Yeah, it's a really important point and question. I'd start with, currently, as I said, there's no approved treatments for PBH. Unfortunately, the bar is low, especially given what a severe condition this is. In terms of the FDA, as Josh was saying, I think the composite endpoint that we're looking at as a primary outcome is particularly meaningful. The Level 2 and Level 3 hypoglycemic events have been defined now for several decades by the American Diabetes Association and other endocrinology fields, as well as in FDA guidance. When we talk with physicians, what we really hear from them is that they want to keep their patients safe.

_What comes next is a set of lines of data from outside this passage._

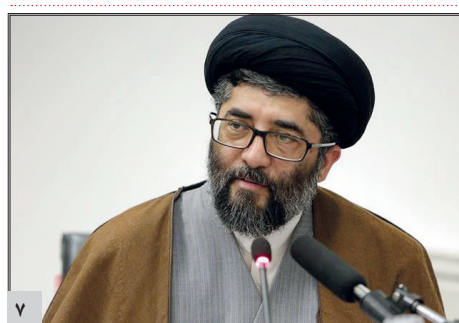
اهدای ۳۶ هزار جلد کتاب به مراکز فرهنگی و اجتماعی توسط آستان قدس رضوی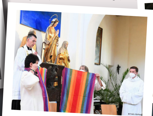
Bandeiras de arco-íris na Igreja de São Bento em Munique, onde duplas do mesmo sexo foram abençoadas.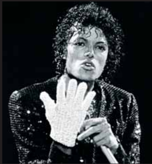
1984. Den paillet-besatte handske er på plads, da Michael Jackson indleder turne på Dodger Stadium i Los Angeles.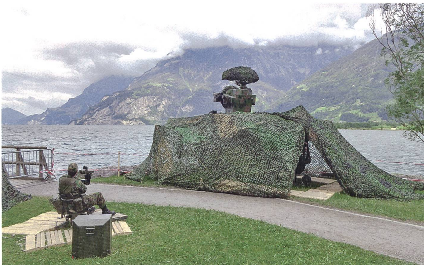
Ein Feuerleitgerät der nördlichen Feuerinheit SKY im Raum Seedorf.

Für GOTTARDO wurden pro Einsatzraum zwei Flab Kan 63/12 in einer Feuerinheit zum Schutz der Festivitäten eingesetzt, was dem ordentlichen Mittelansatz von je einer M Flab FE entspricht. Damit konnte die notwendige Redundanz geschaffen werden, um die technisch bedingten Kontrollintervalle bei einem Geschütz durchzuführen und gleichzeitig die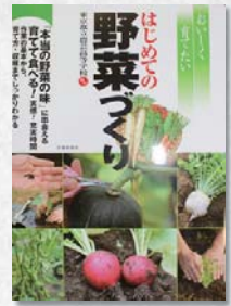
はじめての 野菜づくり 池田書店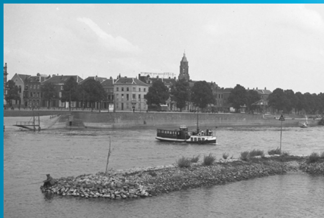
Skyline van Arnhem, 1935-1940.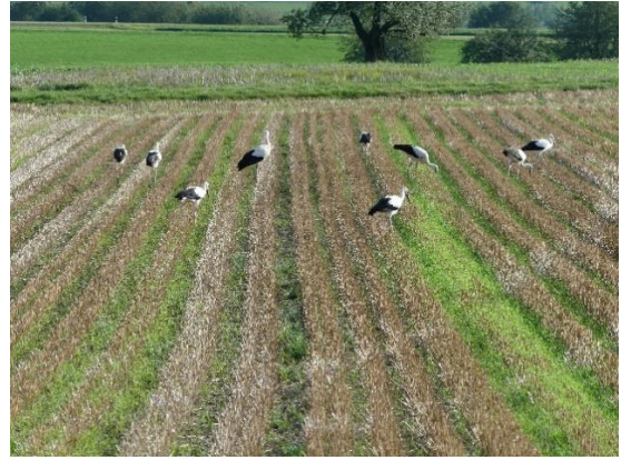
Ein abgeerntetes Getreidefeld mit weiter Saat scheint auch für die Störche interessant zu sein

Die Anlage von Getreidefeldern mit weiter Saat soll Feldlerche, Feldhase und unter Umständen auch die Ackerflora fördern. Diese neue, beitragsberechtigige Bewirtschaftungsform ist dank grosszügiger Entschädigung eines allfälligen Ernteverlustes gut angekommen bei den Bauern, nicht zuletzt, weil sie weiterhin Lebensmittel produzieren können.

If you think any one of these Level 3 events can be life-altering, we've heard many stories about someone driving a car, their blood glucose crashes, they pass out, they crash their car, they end up in the hospital. As we've started to do market research, the number of times people end up in the hospital because of post-bariatric hypoglycemia is just astonishing. You understand from the physician's perspective, really being able to reduce any number of these events is really meaningful. For people with PBH, what we hear consistently is, "Gosh, I just wish I had something." I mean, I think it's so frustrating for them that they finally get the diagnosis and then only to find out that, well, try to stick to this very draconian diet, avoid all carbs, eat small meals very, very frequently. Besides that, there are no approved therapies for PBH. I think it just highlights what an unmet need there is. And again, our hope that we can change that.

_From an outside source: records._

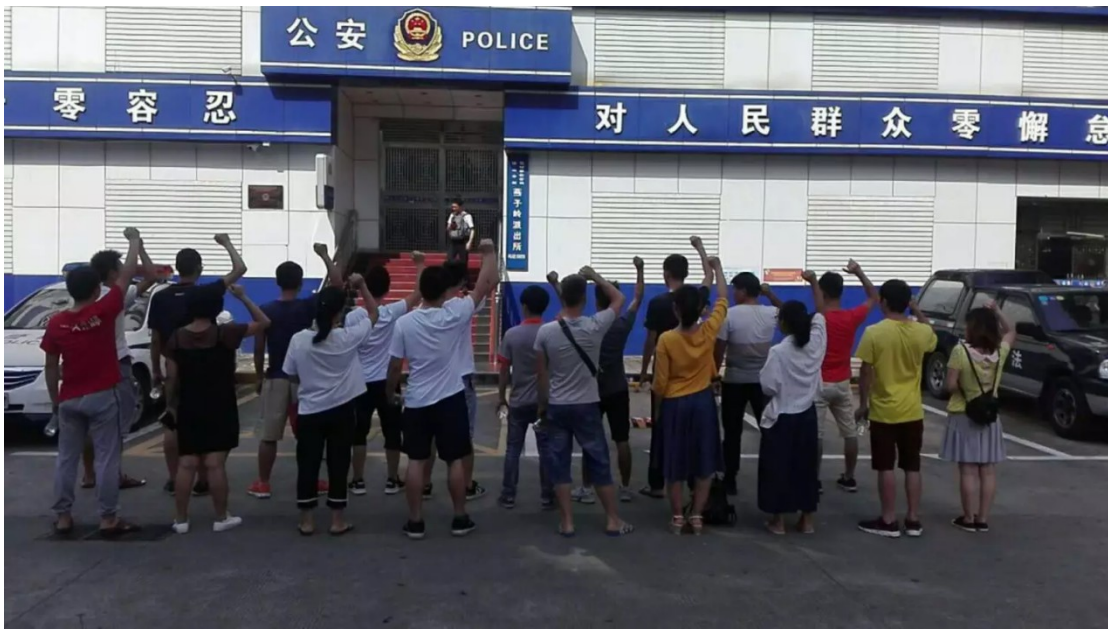
Illustration 5: Am 20. Juli vor der Polizeiwache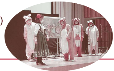
昨年度の事例発表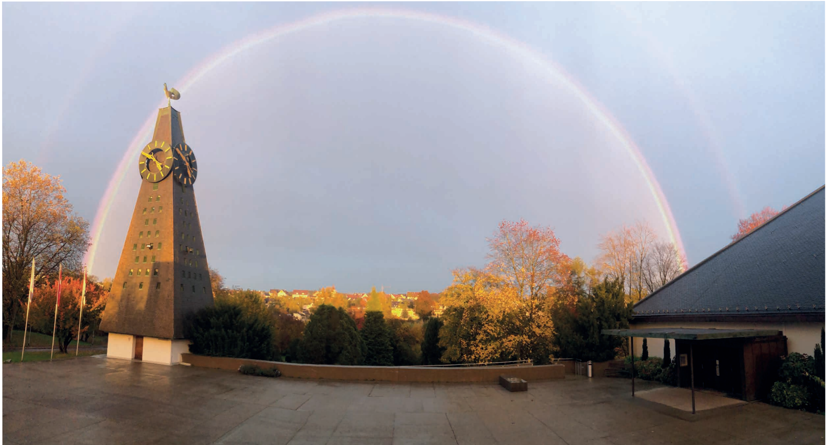
Reformierte Kirche mit Regenbogen

One thing to touch on very, very quick too. In the past studies, patients were also interviewed in kind of a structured interview that was conducted with the patients. They were asked, "Now that you've completed this trial, been on this therapy, how would you rate it on a scale of 1 to 10?" Every patient but one that was interviewed rated it a 10. The one other patient rated it a nine. Their reasoning was, yes, the reduction in hypoglycemic events, but they also described just being able to feel a difference in terms of energy, fatigue, things like that. Because if you imagine constantly having hypoglycemia, sometimes severe enough to cause loss of consciousness or otherwise, but even when you have hypoglycemia that's just severe enough to make you lethargic, low energy, et cetera, to suddenly be out of that fog is a dramatic thing for patients. We are certainly, as it relates to the events, as Justin said, even one Level 3 event, which could be losing consciousness or otherwise, is a big deal. Preventing even one of those. What we hope is kind of a more holistic ability for patients to kind of return to their normal life and their normal activities.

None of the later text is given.